Authenticating requests from mobile (iPhone) app to ASP.Net Web API (Feedback requested on my design)

I'm designing a web site that will have a mobile companion (initally iPhone only). The web site will be an ASP.Net MVC 3 application. I'll also have an ASP.Net Web API site (MVC 4) to expose services to the iPhone application. The iPhone app will have its own form to capture username and password from the user and send that to the web API in JSON headers.

I want to consider security from the start rather than an after thought. I'm not a security expert by any means. I've done a good deal of research to see how other's are handling authentication of a mobile application client from a web service. I think I've come up with a decent solution that doesn't involve hooking into to third party oAuths.

I would greatly appreciate any and all opinions, advice, criticism and general WTFs that any of you can offer. :)

My biggest concerns are:

1. Ensuring that calls made to the web API are authorized
2. Minimizing the risk of replay attacks (hence timestamps in the calls below)
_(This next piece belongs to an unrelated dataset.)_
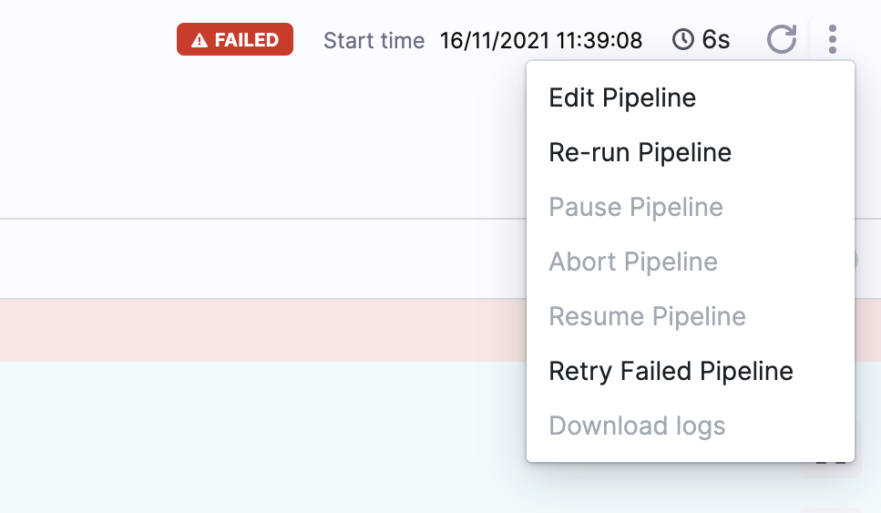Select More Options (⋮), and then select Retry Failed Pipeline.

The iPhone app will be developed as such:
Two strings are hard-coded into the iPhone app (same values for every user):

1. Application ID
   This is a string that is used to identify the type of client that is accessing the web API (iPhone, Android, Windows phone, etc).


2. Application's Hashing Salt
   This is a string that is used to salt hashes for user-agnostic requests.

Two strings are stored in the iPhone app's local database (values unique to each user):

1. API User Access Token
   This is a string (token) provided to the client by the web API upon successful authentication and allows the client to access the web API without sending the username and password in each request.
   
2. User's Hashing Salt
   This is a string that is used to salt hashes for requests made against established user accounts.

The iPhone will make calls to the web API in the following manner:

API Method: Create Account
Client Sends:

• New Account Data (Username, Password, First Name, Last Name, etc..)
• Application ID
• UTC Timestamp
• Hash of UTC Timestamp + Application ID salted with Application's Hashing Salt

API Returns:

• New User's Hashing Salt
  
  The idea here is that, when creating an account, I can use the application's hardcoded salt since it's not a huge security risk if that salt ever got out (through decompilation or some other means).
  
  But for methods that access and modify the user's data I'll use a salt that is owned only by that user so it can't be used by an attacker to impersonate others.

API Method: Get Account
(Used for getting user's hashing salt for accounts that were created on the web site but haven't yet been synced on the iPhone. This happens when a user tries to log in on the iPhone and iPhone detects that it has no record for that username.)

Client Sends:

• Username
• Password (hashed with Application's Hashing Salt)
• Application ID
• UTC Timestamp
• Hash of UTC Timestamp + Application ID salted with Application's Hashing Salt

API Returns:

• Existing User's Hashing Salt

API Method: Log In (Authenticate)
Client Sends:

• Username
• Password (hashed with User's Hashing Salt)
• Application ID
• UTC Timestamp
• Hash of UTC Timestamp + Application ID salted with User's Hashing Salt

API Returns:

• API User Access Token

API Method: Any Command (i.e. Create Post, Update Profile, Get Messages, etc...)
Client Sends:

• Command Data
• API User Access Token
• Application ID
• UTC Timestamp
• Hash of UTC Timestamp + Application ID + API User Access Token salted with User's Hashing Salt

I did it using asp.net mvc 4.0/web api basic membership. you may find it helpful.

Yeah, Use SSL for sure

https://github.com/aamir-poswal/Mobile-Apps-Authentication-Authorization-ASP.NET-WEB-MVC-4.0

In VS 2013 you can use the "Asp MVC SPA Application" template to generate a working implementation that is generating a Oauth2 token bearer on login and authorizing it for WebApi controller calls using [Authorize] attributes. It uses Membership and Entity Framework to store users and hashes locally in a SQL Server. Just delete the asp mvc parts you don't need and keep the Auth part for WebApi. More details here: http://msdnrss.thecoderblogs.com/2013/09/understanding-security-features-in-the-spa-template-for-vs2013-rc/

My suggestions

1. Authentication and Authorization. Build it on 2 different servers(In some projects I have used 3 as well). Reverse proxy servers are really good with this. Authenticate on one server and authorize it on the other.

This is the most important step I think that is needed in mobile security that use Web APIs.

2. Encapsulate everything.

3. Use SSL for all secure information. In my case I use it for everything.

4. For your timestamp select a suitable time for which you can have authorization. Do not make this very short as your app will become slow or too long as network sniffers can access the packets.

If you want a 3 server architecture For your requests have an application key as well that you use to generate a access key (from Server 1). This access key will authenticate your requests which after successful authentication(from server 2) you can use that key to authorize your requests from another server(server 3)

The requests you have mentioned are standard norms. Don't really see a problem with that.